当前位置:网站首页>Memtable for leveldb source code analysis
Memtable for leveldb source code analysis
2022-07-01 05:18:00 【Ethan97】
Preface
LevelDB It's a google Very efficient kv database .
LevelDB Adopted LSM tree It achieves efficient write operation and good read performance .LSM tree namely The Log-Structured Merge-Tree, It fully considers the slow random read and write speed of the disk , As far as possible, it ensures that the key value is only written to the disk in sequence during the insertion process , Without performing seek 、 Expensive operations such as moving heads .LSM tree It mainly consists of two data structures , One is memory resident memtable, The second is saved to disk sstable.LSM tree Introduction to , See also introduction to LSM.
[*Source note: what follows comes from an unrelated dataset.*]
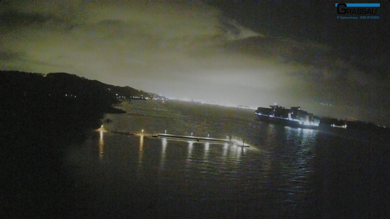 | nächste Station war nicht Bremerhaven, sondern Hamburg. Hier Fahrt elbaufwärts - die Cisnes am 4.2.2024 abends bei Wittenbergen. | |||||||||||
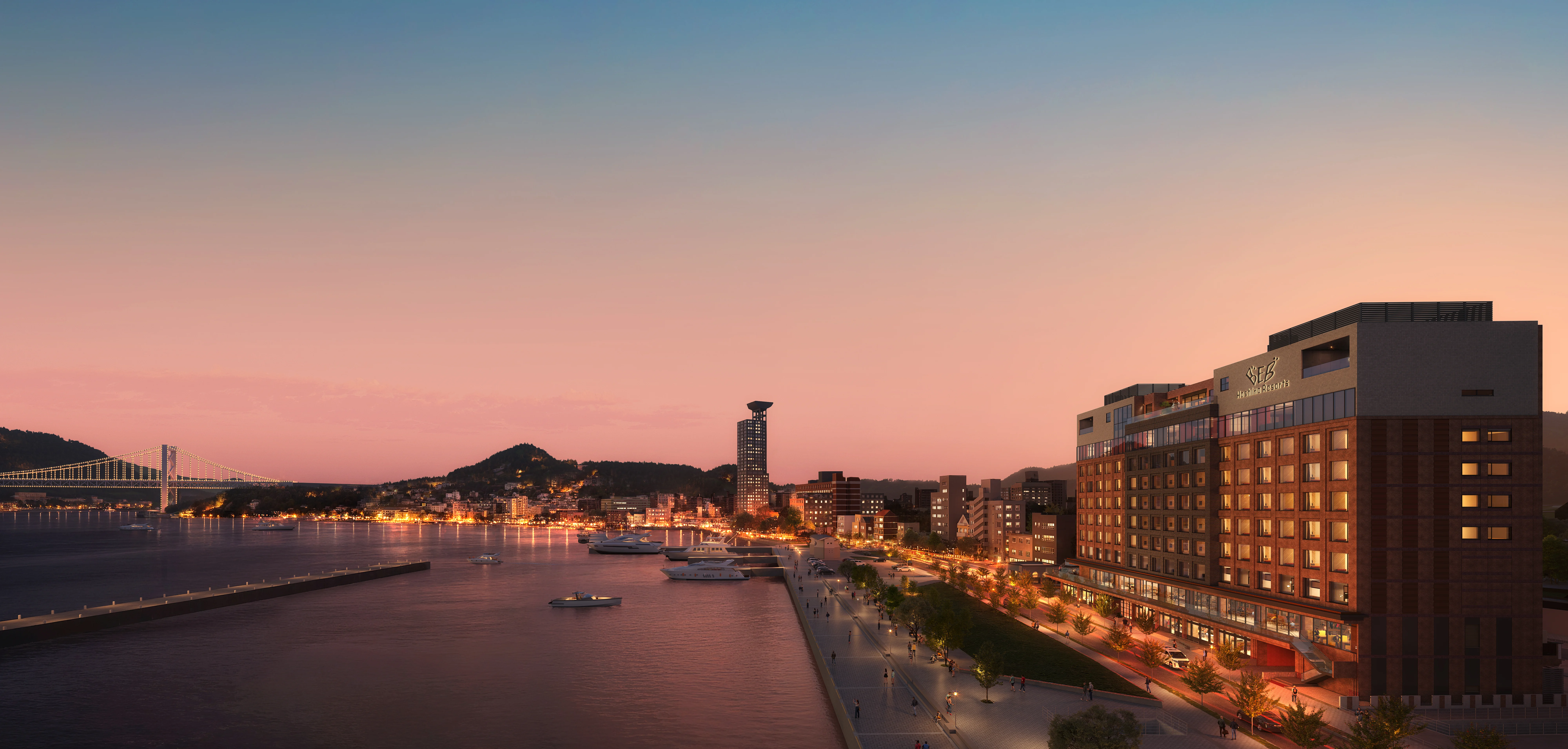 星野リゾートとして福岡県への初進出となる「BEB5門司港」が、歴史的建造物が残るレトロな観光スポット「門司港レトロ」の一角に開業します。コンセプトは「トキメキ海峡ステイ」。関門海峡を望む立地を最大限に活かし、全客室をはじめ、最上階の大浴場や、24時間楽しめる足湯とカフェを併設したラウンジ、ビュッフェレストランの全てが関門海峡ビューの特等席。絶景と遊び心に満ちた心トキメく海峡ステイを提案します。

- LevelDB Maintain in memory
memtableRecord recent writes (kTypeValue) And delete operations (kTypeDeletion); - When in memory
memtableAfter reaching a certain size , It will be saved assstable.
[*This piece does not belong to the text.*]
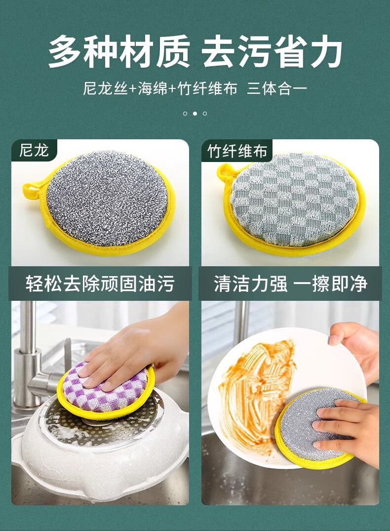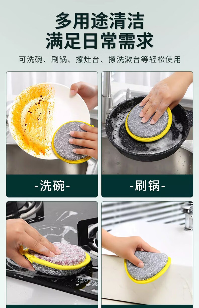 両面スポンジ食器洗いブラシ、鍋洗いキッチン掃除布、家庭用油汚れ落とし、食器洗い布、魔法の掃除布

In this paper, LevelDB Of memtable Realization .
memtable
memtable Maintenance recently occurred in LevelDB Write operations for . Its bottom layer adopts a kind of O(logn) Find and insert data structures with time complexity :Skip List, The following is a brief introduction to its concept .

Skip List There are multiple layers , At the bottom is a well ordered linked list .
Skip list Lookup
- As shown in the figure above , Suppose you want to find 9, When looking for , From the top , Find the first one that is just less than 9 The node of , Here for 1;
- Because of the node 1 There are no more nodes after , Go down one floor , Repeat the process , Arrival node 6;
- Go on down one floor , And then look forward to , arrive 9, That is, find the target node .
Skip list Insertion
Skip list The process of inserting is similar to that of searching , But in the process of finding the insertion location , You need to record the nodes you pass “ route ”, When the insertion position is found , Walk vertically to the ground floor , Insert the new node into . Then go back layer by layer “ Node path ”, The first i+1 The nodes of the layer have a fixed probability p Extend to the upper layer .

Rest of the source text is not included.